I could play with hyperparameter tuning, but linear models all seem the same, no improvements from the baseline.

I have the assumption that the feature vectors are very abstract because of the encryption. I think the encryption is done using deep models, so I will definitely need more non-linearity if I'm looking for a single model solution, let's move in that direction.

The sklearn cheat-sheet proposes to move to kernel approximation, which makes a lot of sense. It's a scalable alternative to the kernel trick, and introduces sweet sweet non-linearity to play.

Let's start easy, RBF is a classic kernel, my ML prof always told be to choose it by default. Let's go then.

In [13]:
from sklearn.kernel_approximation import RBFSampler

In [14]:
rbf = RBFSampler()

In [15]:
x_train_rbf = rbf.fit_transform(x_train)
x_val_rbf = rbf.fit_transform(x_val)

In [16]:
model = SGDClassifier(loss='log').fit(x_train_rbf, y_train)

In [17]:
y_val_pred = model.predict_proba(x_val_rbf)
validate(y_val, y_val_pred, bl, True)

(0.6954379452472661, -0.0022907646873208121, -0.0029784846513536412)

Oh man, that's too bad...

## Polynomial features

If the encryption is done by using deep models, then a polynomial basis may work better. It's also common practice, although not very scalable. Let's see.

In [18]:
from sklearn.preprocessing import PolynomialFeatures

In [19]:
poly = PolynomialFeatures(degree=2)

In [20]:
x_train_poly = poly.fit_transform(x_train)

In [21]:
model = SGDClassifier(loss='log').fit(x_train_poly, y_train)

In [22]:
del x_train_poly

In [23]:
x_val_poly = poly.fit_transform(x_val)

In [24]:
y_val_pred = model.predict_proba(x_val_poly)

In [25]:
del x_val_poly

In [27]:
validate(y_val, y_val_pred, bl, True)

(0.80222230564711217, -0.10907512508716688, -0.10976284505119971)

Actually, pretty bad...

## AdaBoost

Now that we are working with linear models, why not use boosting.
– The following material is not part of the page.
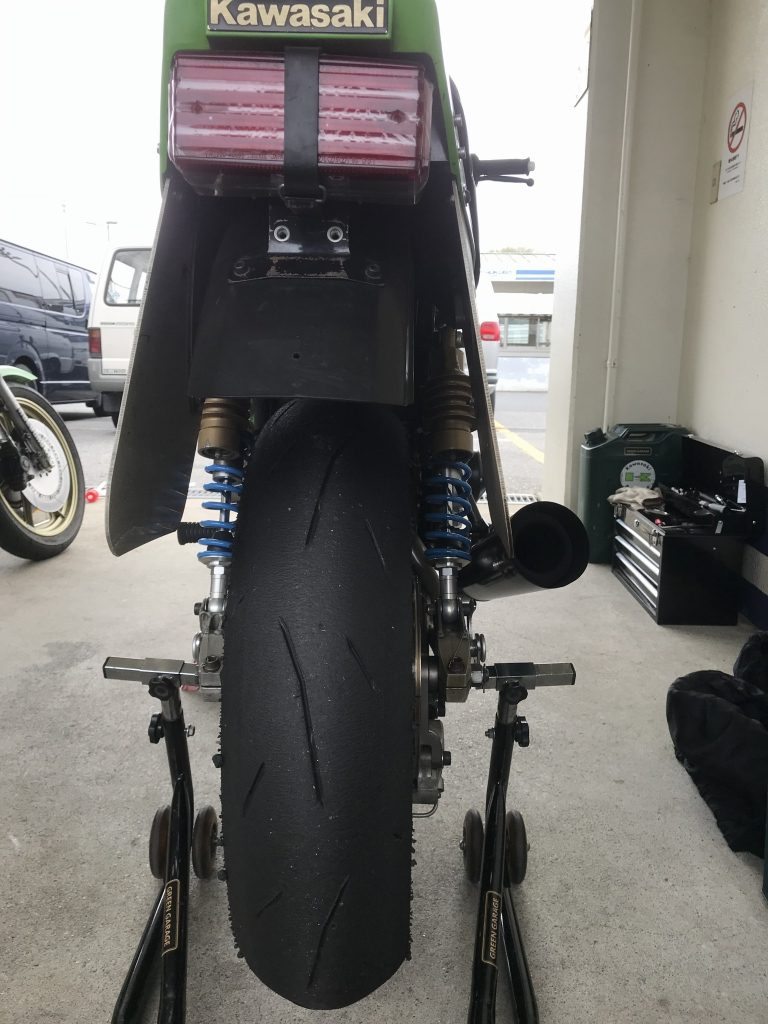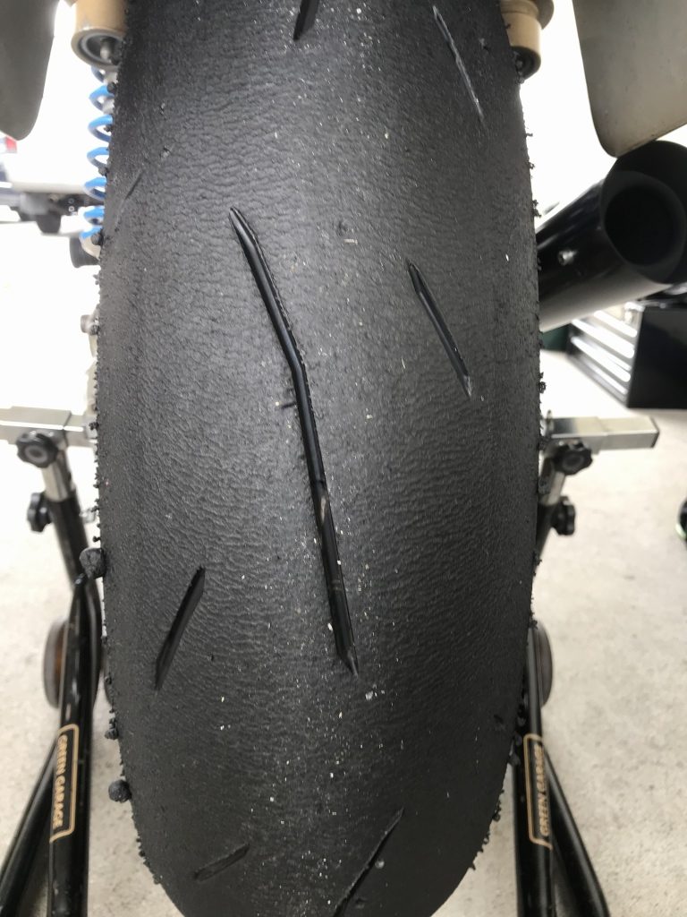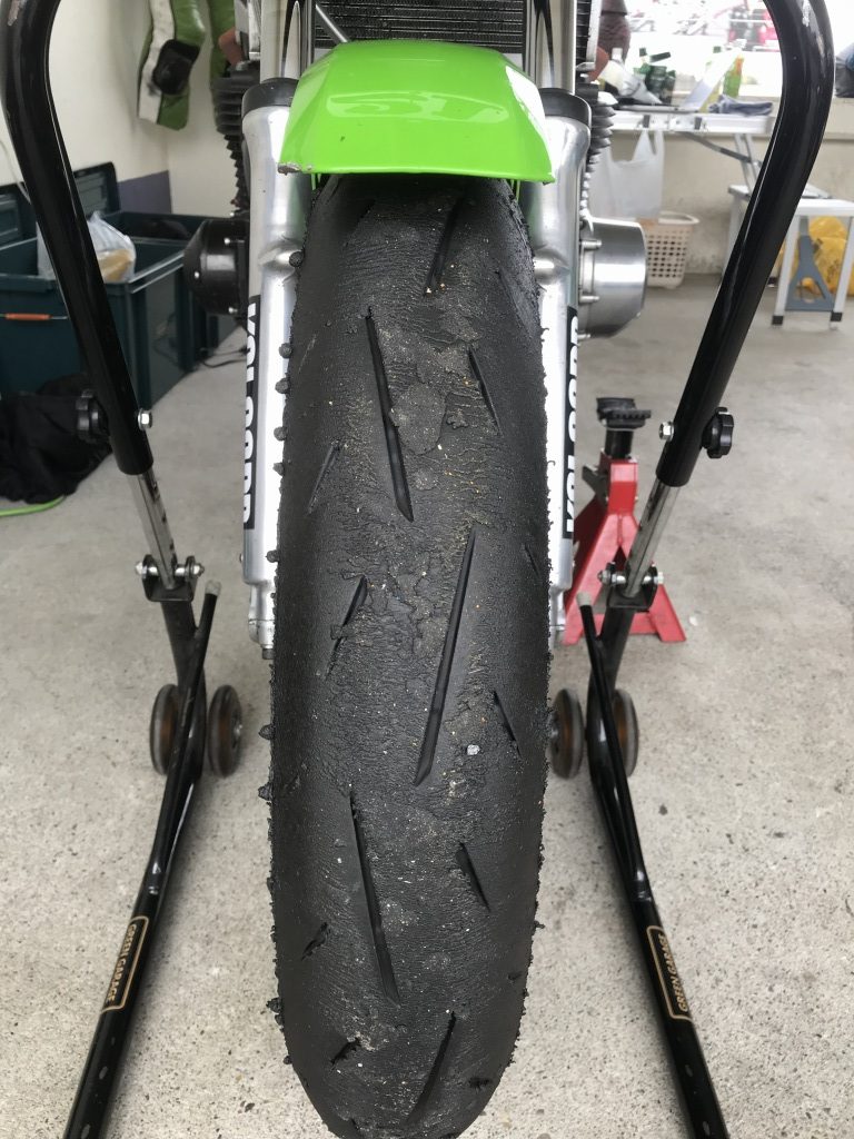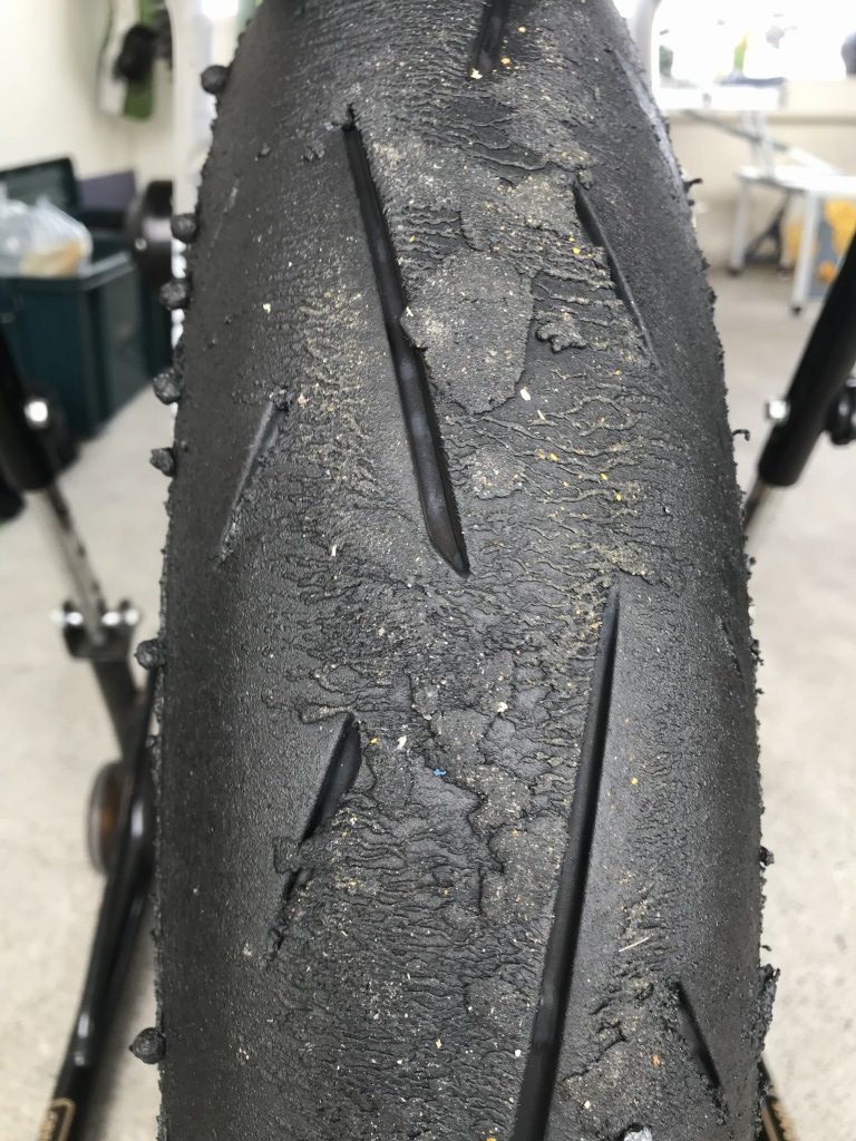 フロントタイヤはα13SPです。路面のタイヤカスを拾うことが多く、トレッドセンターは凸凹です。

Boosting improves weak learners, it may help. Boosting is common with Decision Trees, and we'll try that at some other point, but let's stick to SGDClassifier for now.

In [28]:
from sklearn.ensemble import AdaBoostClassifier

In [29]:
model = AdaBoostClassifier(
    base_estimator=SGDClassifier(loss='log')
).fit(x_train, y_train)

In [30]:
y_val_pred = model.predict_proba(x_val)
validate(y_val, y_val_pred, bl, True)

(0.6931465190819549, 6.6147799038240862e-07, -0.00068705848604244668)

Just for curiosity, let's try the default tree AdaBoost.

In [31]:
model = AdaBoostClassifier().fit(x_train, y_train)

In [32]:
y_val_pred = model.predict_proba(x_val)
validate(y_val, y_val_pred, bl, True)

(0.69309945634692993, 4.7724213015354344e-05, -0.00063999575101747475)

## Conclusions

Alright, nothing much I can do to alter the results of these linear models. I should go to somewhere else.

Looking at the results we can see that the predictions barely deviate from 0.5, the models have no idea what they are doing, I need something deeper.

Actually, I may still be reinventing the wheel too much, there's plenty of people that have done this before me. Let's look at their work some more.